Author Archive

Estrada and Taylor on Kagan

Kagan gets an endorsement from superstar conservative appellate litigator and Bush II appellate nominee (also my old boss) Miguel Estrada here (see last paragraph).

Plus, Stuart Taylor says Kagan’s nomination could mean a more conservative Court:

Commentators on the left . . . complain that Kagan never compiled much of a record of aggressively championing liberal causes during her years as a law professor. Some say she was too friendly as dean of Harvard Law School to conservatives and did not recruit as many women and minorities for the faculty as diversitycrats desired.

Speaking as a moderate independent, I like everything about Kagan that the left dislikes. To borrow from my friend Harvey Silverglate, a leading Boston lawyer who champions both civil liberties and an old-fashioned liberal’s brand of political incorrectness, ‘they want people who look different but think alike.’

Kagan seems to be a woman who thinks for herself.

Taylor also highlights what many libertarians will find most troubling about her record (other than strong hints of her lack of sympathy, albeit predictable for a Democratic nominee, with the litigation interests of the business community): her apparent endorsement of the Bush administration’s legal framework for detention of enemy combatants.

Kagan on Military Recruitment

Elena Kagan has been getting a lot of flak  from the right for her position on military recruitment at Harvard. While the military’s don’t ask don’t tell policy is unjust, Harvard’s position on recruitment was also misplaced—and, were the question ever presented to my faculty, I’d vote against barring the military from recruiting at my law school for the same reasons as Ilya Somin.
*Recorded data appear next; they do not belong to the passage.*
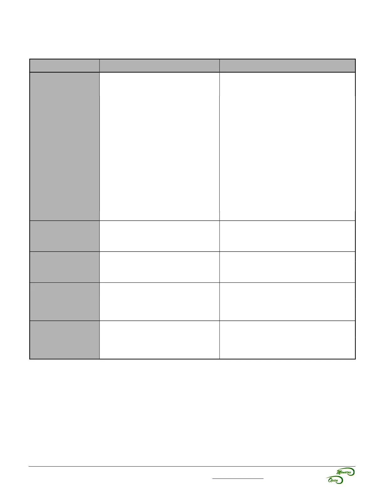 Manaras Opera-H - Troubleshooting Guide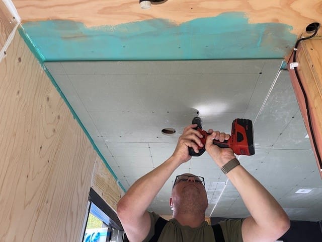 We gaan vandaag verder met de gispplaten voor het plafond en als snel komen we erachter dat we vergeten zijn om de kniptangen mee te nemen. En die hebben we wel nodig want er moet nog het een en ander gewijzigd worden aan de stroomvoorziening van het thermopaneel (grillplaat) die boven ons bed hangt. Dus snel maar even naar de Bauhaus om van het goede rood-blauwe merk (Knipex) een tangetje te halen. En als we toch in de winkel zijn, nemen we gelijk gipsplamuur, afdekzijl en plamuurmessen mee.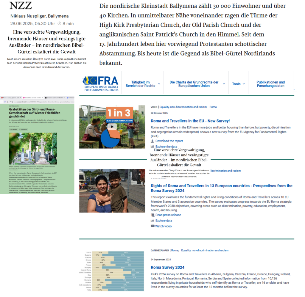 Und auch in diesem Jahr [2025] ist es immer wieder zu Gewalt gegen Roma gekommen. So wurden zum Beispiel im Frühjahr 200 Menschen in der bulgarischen Hauptstadt Sofia obdachlos, nachdem ihre Wohnungen auf Anordnung der lokalen Behörden zerstört wurden. Und in der nordirischen Stadt Bellymena [„Bibel-Gürtel“] hat im Juni ein rassistischer Mob tage- und nächtelang randaliert, nachdem zwei Jugendlichen, laut Medienberichten Roma aus Rumänien, eines sexuellen Übergriffs beschuldigt wurden. Die Gewalt richtete sich vor allem gegen die Roma-Community, andere ethnische Minderheiten und Immigranten. Autos und Wohnhäuser und Geschäftslokale wurden in Brand gesetzt und zerstört. Um nicht selbst Opfer der Gewalt zu werden, brachten Einwohner der Stadt Bellymena Schilder mit der Aufschrift „Hier leben Einheimische“ auf ihren Türen an. Rund 60 Polizeibeamte wurden bei den Randalen verletzt und 53 Personen festgenommen. Eintausendzweihundert Roma und Romnja hatten vor den Unruhen in Bellymena gelebt, laut der BBC und anderen britischen Medien haben mittlerweile fast Zweidrittel von ihnen die Stadt verlassen.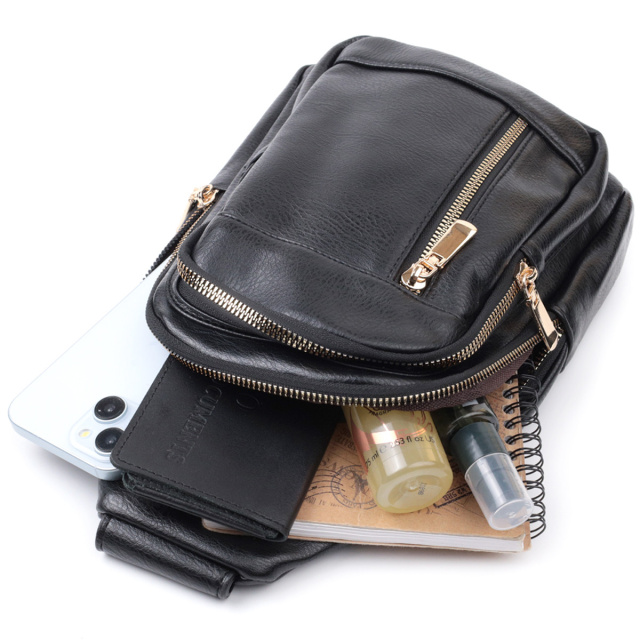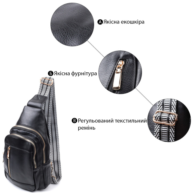 - текстильний плечовий регульований ремінець. Топова слінг сумка з якісної екошкіри, в класичному чорному кольорі. Екошкіра – високоякісна альтернатива натуральному матеріалу, яка дуже стійка до тертя, до низьких температур, відмінно носиться на відміну від інших штучних матеріалів, а також має гіпоалергенний склад на відміну від натуральної шкіри. Дана модель складається з одного основного відділення, яке закривається на блискавку і в якому знаходиться потайна кишеня, а також трьох кишень зовні та одного отвору для кабелю або навушників, що дуже зручно в сучасному світі. Основною фішкою моделі є зручний регульований плечовий ремінець із стильним візерунком. Відмінний варіант сумки на кожен день та у будь-який сезон. ОПЛАТА та ДОСТАВКА : накладний платіж з передоплатою 200 грн.Терміни відправлення : 1-3 робочих днів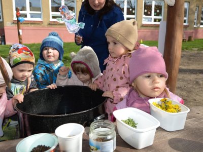 Dnes jsme zažili projektové dopoledne s názvem "Kouzlíme, kouzlíme, na lektvar se těšíme", které pro nás vyčarovaly paní učitelky z Berušek. Vydali jsme se všichni do říše kouzel, magie, čarování a zaklínadel plné pavouků a netopýrů. Vařil se kouzelný lektvar, létalo se na koštěti, pálila se čarodějnice a na závěr se tančilo na čarodějné písně. Počasí nám přálo, fotografie mluví za vše.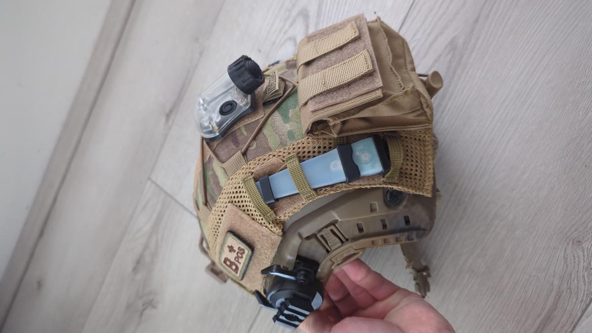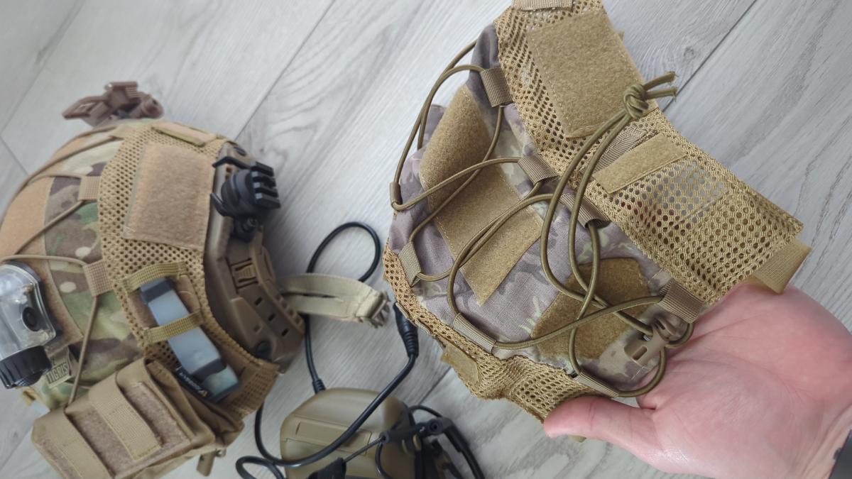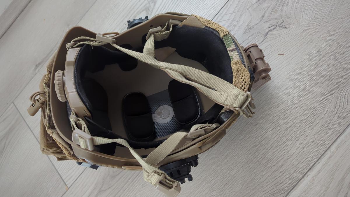 Fast sisak, Multicam sisakhuzat + extra sisakhuzat, "IR" strobe, 2 talalatjelzo, akksi pouch, nvg mount, fules rogzito adapterek. (b+ patch nem)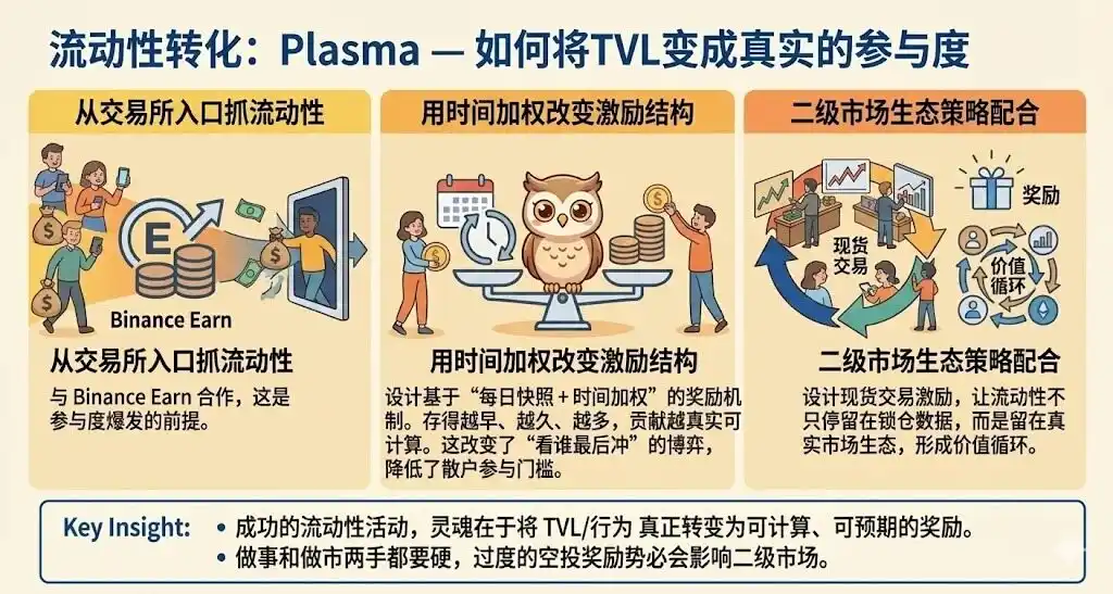 Plasma's strategy出发点 was to attract users by promoting stablecoin continuous存量 behavior in the ecosystem. Plasma cooperated with Binance Earn to launch an on-chain USDT yield product. Users who participated in Plasma's USD₮定期锁仓 could enter the $XPL airdrop range. This design is not one-time but is based on a daily snapshot + time-weighted持仓累积奖励机制. Longer holding periods and higher持仓都会放大最终的 XPL reward.

But, although Harvard made the wrong call on recruitment (albeit one that, in fairness, is not attributable just to Kagan, but, reportedly, to an overwhelming majority of the Harvard law faculty), Kagan’s opposition to the Solomon Amendment, which conditioned federal funding on JAG recruiters’ access to campus, has much to recommend it from a libertarian standpoint, for the reasons put forward in Cato’s amicus brief  in Rumsfeld v. FAIR, the case challenging the Solomon Amendment (which you can download here). (Disclosure: I co-wrote the brief when I was at Cato. As I recall, this was a controversial position within Cato, and I’d guess that remains true today. Cato’s current legal shop might well take a different view were the question presented to it now.)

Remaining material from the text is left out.